* [Source data]:
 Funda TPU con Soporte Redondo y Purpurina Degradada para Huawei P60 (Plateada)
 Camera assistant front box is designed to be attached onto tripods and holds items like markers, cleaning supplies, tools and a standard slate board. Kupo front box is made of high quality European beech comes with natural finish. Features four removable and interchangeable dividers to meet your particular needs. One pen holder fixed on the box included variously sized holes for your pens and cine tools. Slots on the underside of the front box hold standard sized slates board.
...
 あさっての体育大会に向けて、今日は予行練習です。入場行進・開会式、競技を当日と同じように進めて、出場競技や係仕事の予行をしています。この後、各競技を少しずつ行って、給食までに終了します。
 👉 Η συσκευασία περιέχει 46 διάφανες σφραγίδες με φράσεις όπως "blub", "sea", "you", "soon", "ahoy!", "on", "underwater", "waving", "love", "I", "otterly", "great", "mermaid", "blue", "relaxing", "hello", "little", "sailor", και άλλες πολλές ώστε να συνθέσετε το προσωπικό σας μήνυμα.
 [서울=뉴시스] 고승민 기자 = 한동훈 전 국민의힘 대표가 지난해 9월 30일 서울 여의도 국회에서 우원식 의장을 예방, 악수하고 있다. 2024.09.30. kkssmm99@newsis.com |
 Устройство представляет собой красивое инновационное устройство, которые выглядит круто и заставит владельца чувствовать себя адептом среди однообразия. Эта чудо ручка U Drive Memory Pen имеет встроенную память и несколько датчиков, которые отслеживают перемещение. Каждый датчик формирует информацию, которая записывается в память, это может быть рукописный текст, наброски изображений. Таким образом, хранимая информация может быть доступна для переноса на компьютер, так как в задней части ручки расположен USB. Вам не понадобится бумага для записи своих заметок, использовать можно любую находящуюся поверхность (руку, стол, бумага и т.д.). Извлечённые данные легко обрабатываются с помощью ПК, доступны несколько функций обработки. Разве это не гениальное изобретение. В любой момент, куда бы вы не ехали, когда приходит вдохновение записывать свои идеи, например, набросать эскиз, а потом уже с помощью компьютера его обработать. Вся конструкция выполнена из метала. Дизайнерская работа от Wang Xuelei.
--
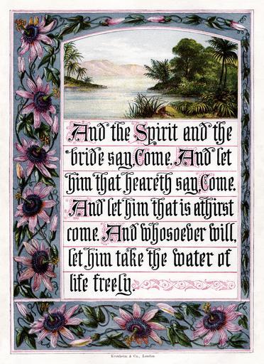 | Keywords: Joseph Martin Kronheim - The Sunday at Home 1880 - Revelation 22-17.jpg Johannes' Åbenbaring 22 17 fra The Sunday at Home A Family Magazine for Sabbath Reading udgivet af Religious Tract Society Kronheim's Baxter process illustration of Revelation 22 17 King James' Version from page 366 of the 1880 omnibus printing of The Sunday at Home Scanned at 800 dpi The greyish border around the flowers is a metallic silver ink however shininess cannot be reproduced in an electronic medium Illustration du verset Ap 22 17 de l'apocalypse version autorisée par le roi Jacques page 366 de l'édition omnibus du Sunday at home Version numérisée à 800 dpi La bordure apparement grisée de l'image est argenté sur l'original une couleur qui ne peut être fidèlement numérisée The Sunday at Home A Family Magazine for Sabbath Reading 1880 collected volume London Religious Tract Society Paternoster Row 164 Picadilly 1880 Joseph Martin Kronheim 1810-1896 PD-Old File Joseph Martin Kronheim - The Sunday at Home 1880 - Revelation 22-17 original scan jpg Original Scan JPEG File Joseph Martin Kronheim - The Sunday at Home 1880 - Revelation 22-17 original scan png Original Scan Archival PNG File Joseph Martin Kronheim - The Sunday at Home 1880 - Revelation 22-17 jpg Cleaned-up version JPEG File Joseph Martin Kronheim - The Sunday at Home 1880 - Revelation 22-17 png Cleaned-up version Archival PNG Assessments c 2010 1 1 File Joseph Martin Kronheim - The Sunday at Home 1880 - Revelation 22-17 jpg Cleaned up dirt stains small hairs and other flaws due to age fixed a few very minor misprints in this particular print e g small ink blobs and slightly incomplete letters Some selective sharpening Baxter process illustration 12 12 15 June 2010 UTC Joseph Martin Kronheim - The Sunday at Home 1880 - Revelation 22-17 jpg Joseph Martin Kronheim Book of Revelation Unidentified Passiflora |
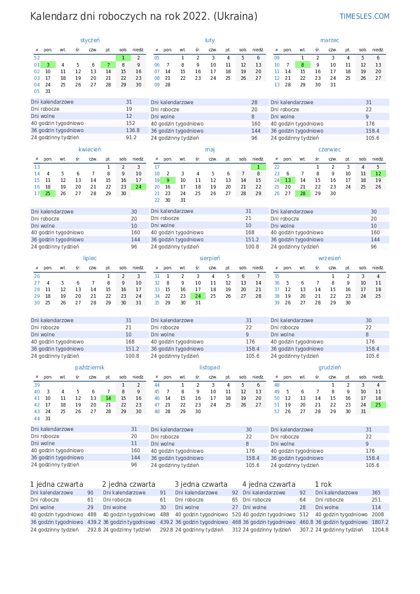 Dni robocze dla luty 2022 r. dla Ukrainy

* [Task to carry out]: Look back at the entries above. Retype the line with "Funda TPU con", the line with "Camera assistant front", and all lines in between.

* [Reply]:
 Funda TPU con Soporte Redondo y Purpurina Degradada para Huawei P60 (Plateada)
 Camera assistant front box is designed to be attached onto tripods and holds items like markers, cleaning supplies, tools and a standard slate board. Kupo front box is made of high quality European beech comes with natural finish. Features four removable and interchangeable dividers to meet your particular needs. One pen holder fixed on the box included variously sized holes for your pens and cine tools. Slots on the underside of the front box hold standard sized slates board.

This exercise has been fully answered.